ASSIGNMENT — Set every record down verbatim and omit the pictures.

RECORDED DATA —

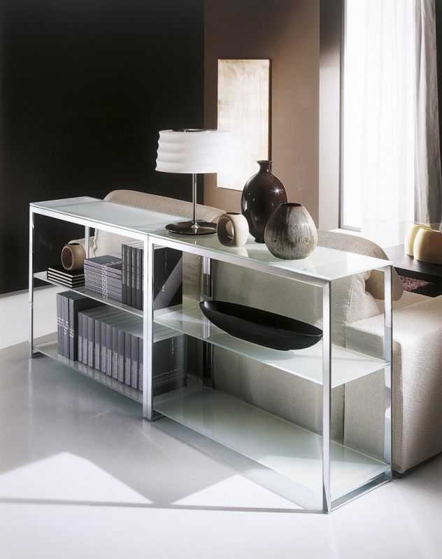Madia Hip Hop con struttura in acciaio laccato in diversi colori e ripiani in cristallo temperato lucido oppure opaco antigraffio.
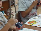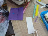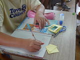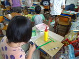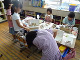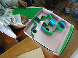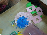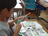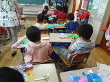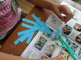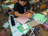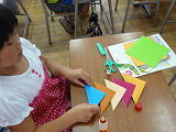 紙をおりまげたり・・・、きったり・・・、たなばた飾りをつくってました。
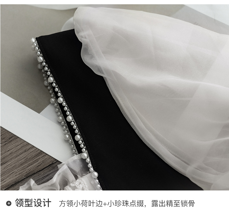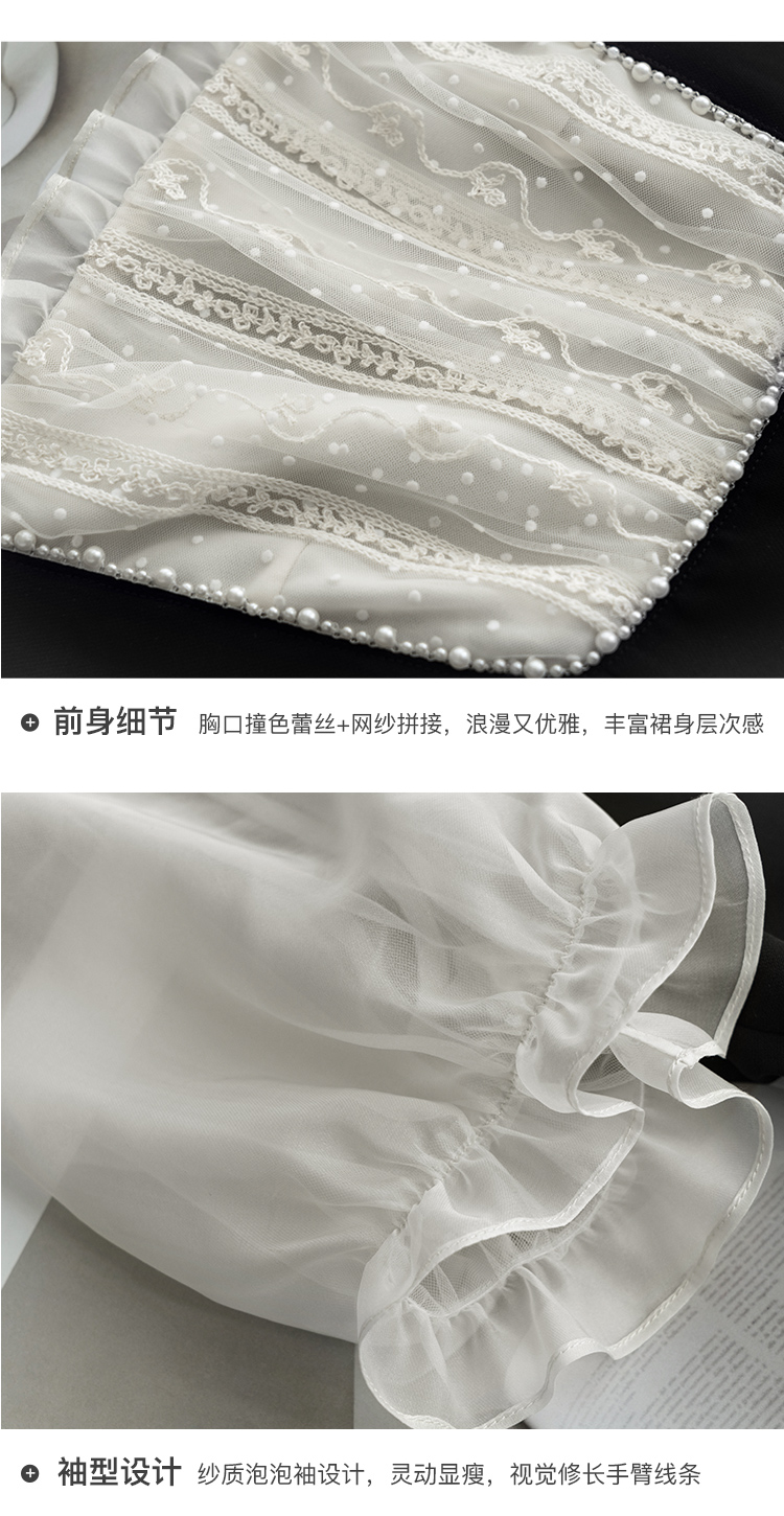 欧芮儿珠片刺绣t恤女2021年新款灯笼袖休闲宽松气质时髦优雅上衣
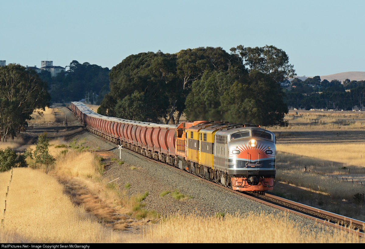 | A group of old timers are called in for duty to work SSR's Emerald grain train from Dimboola to Appleton Dock. B61, GM10, GM22 & L277 combine to work 7934V just south of Ararat with the sun bursting through a small gap in the clouds to light up the scene spectacularly. |
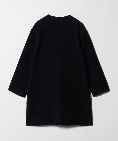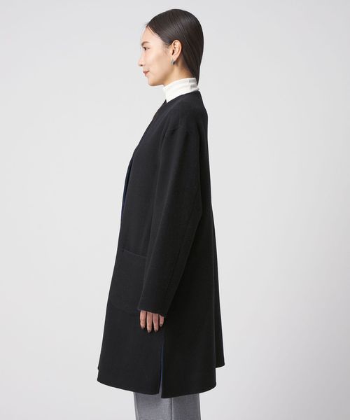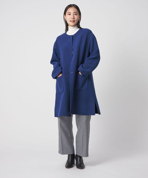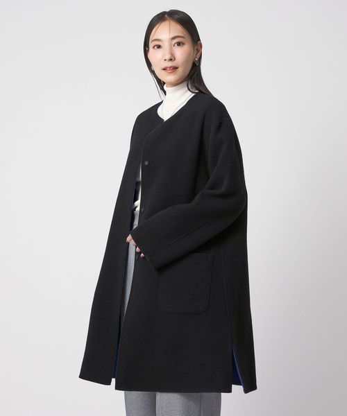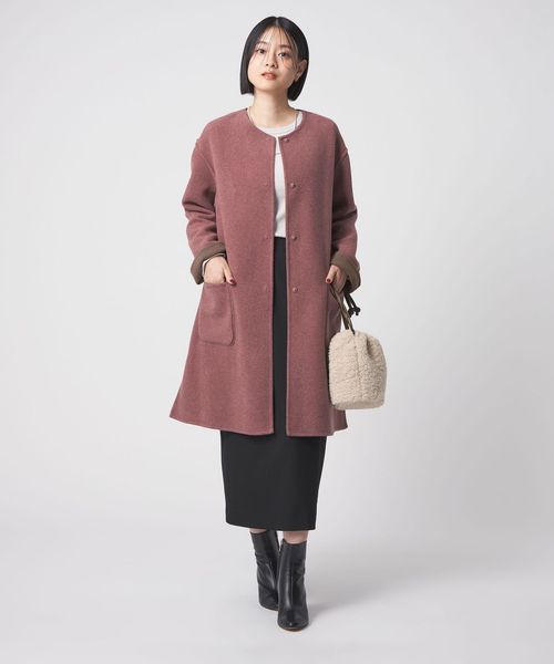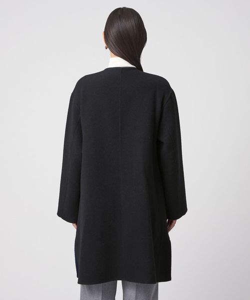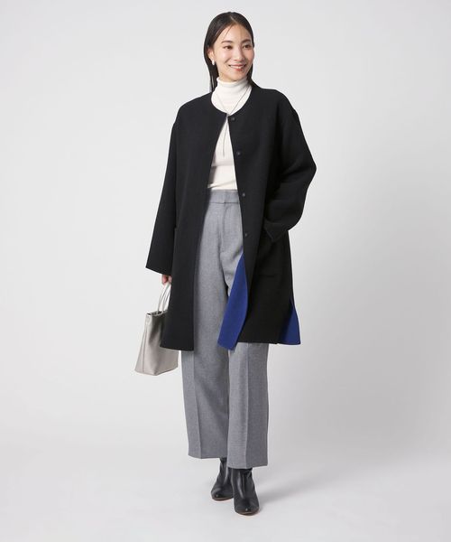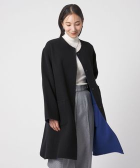 すっきりとしたノーカラーとAラインシルエットが軽やかな印象です。
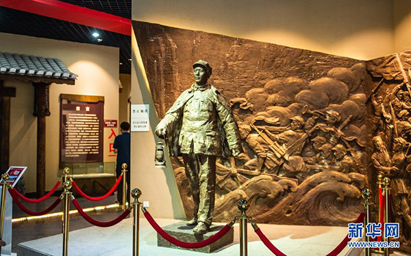 这是在苟坝会议陈列馆拍摄的毛泽东身披外套、提着马灯疾行的雕塑(2019年7月5日摄)。新华社记者 陶亮 摄
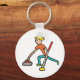 Curling design shows curler in action of releasing the granite slide stone - sending it on the way to the target area in this winter sport game of curling. Holds broom in other hand in this fun cool graphic for curling fans and players.
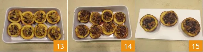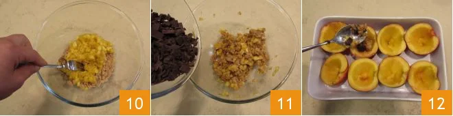 Mix the ingredients 10 with a fork. Then also add the chocolate 11 and combine it with the ingredients. Finally, place the peaches in a lightly buttered baking dish close to each other with the hollow facing up, preferably without leaving gaps. Fill them with a few tablespoons of the filling, shaping it into a small dome 12.
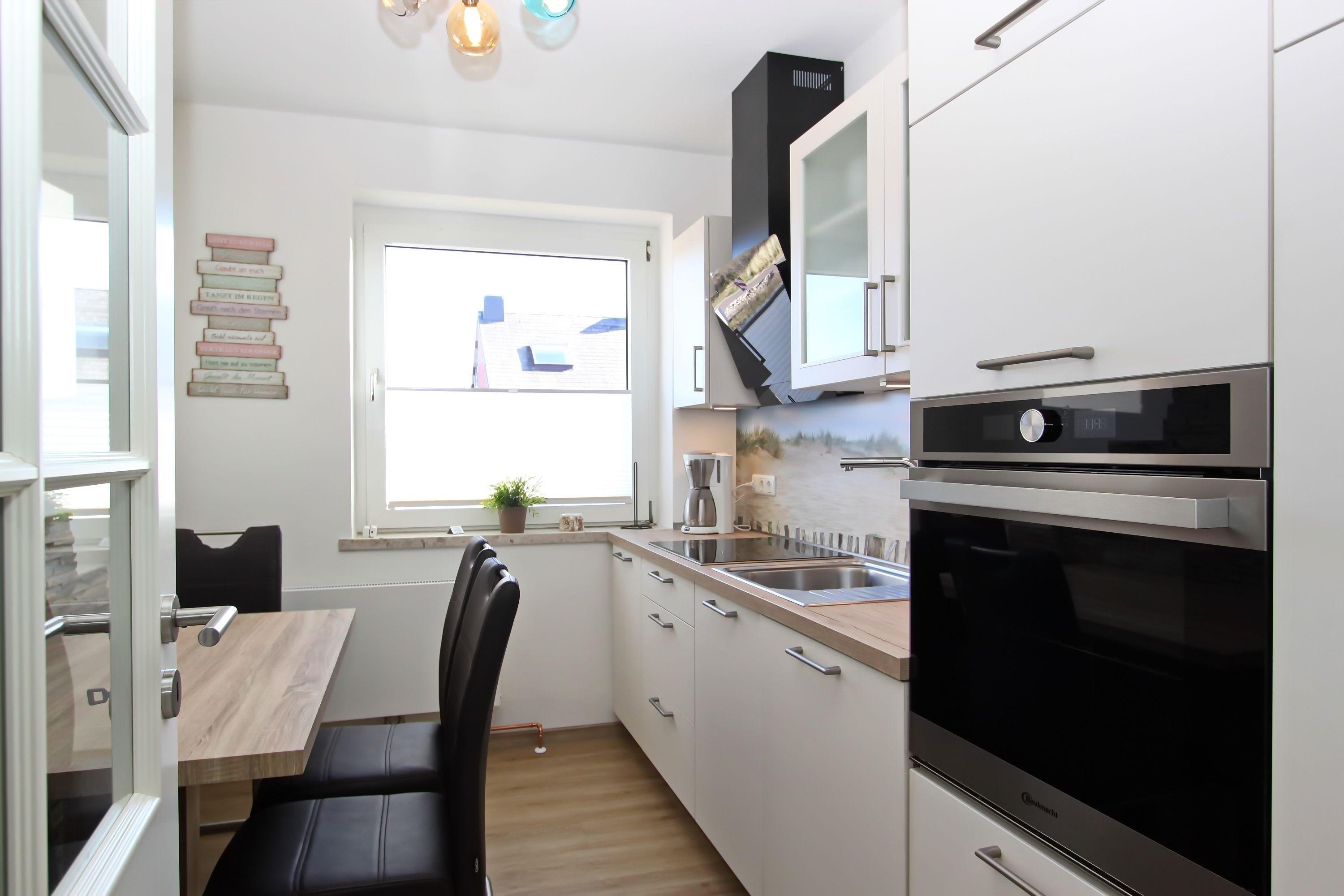 Die neu gestaltete Küche bietet Platz für einen Esstisch und eine moderne, sehr gut ausgestattete Küchenzeile. Neben einem Ceranfeld finden Sie hier auch einen Backofen, eine Mikrowelle und einen Geschirrspüler. Auch Küchenutensilien stehen in ausreichender Anzahl zur Verfügung.

RESPONSE TO THIS TASK —
Madia Hip Hop con struttura in acciaio laccato in diversi colori e ripiani in cristallo temperato lucido oppure opaco antigraffio.
 紙をおりまげたり・・・、きったり・・・、たなばた飾りをつくってました。
 欧芮儿珠片刺绣t恤女2021年新款灯笼袖休闲宽松气质时髦优雅上衣
 | A group of old timers are called in for duty to work SSR's Emerald grain train from Dimboola to Appleton Dock. B61, GM10, GM22 & L277 combine to work 7934V just south of Ararat with the sun bursting through a small gap in the clouds to light up the scene spectacularly. |
 すっきりとしたノーカラーとAラインシルエットが軽やかな印象です。
 这是在苟坝会议陈列馆拍摄的毛泽东身披外套、提着马灯疾行的雕塑(2019年7月5日摄)。新华社记者 陶亮 摄
 Curling design shows curler in action of releasing the granite slide stone - sending it on the way to the target area in this winter sport game of curling. Holds broom in other hand in this fun cool graphic for curling fans and players.
 Mix the ingredients 10 with a fork. Then also add the chocolate 11 and combine it with the ingredients. Finally, place the peaches in a lightly buttered baking dish close to each other with the hollow facing up, preferably without leaving gaps. Fill them with a few tablespoons of the filling, shaping it into a small dome 12.
 Die neu gestaltete Küche bietet Platz für einen Esstisch und eine moderne, sehr gut ausgestattete Küchenzeile. Neben einem Ceranfeld finden Sie hier auch einen Backofen, eine Mikrowelle und einen Geschirrspüler. Auch Küchenutensilien stehen in ausreichender Anzahl zur Verfügung.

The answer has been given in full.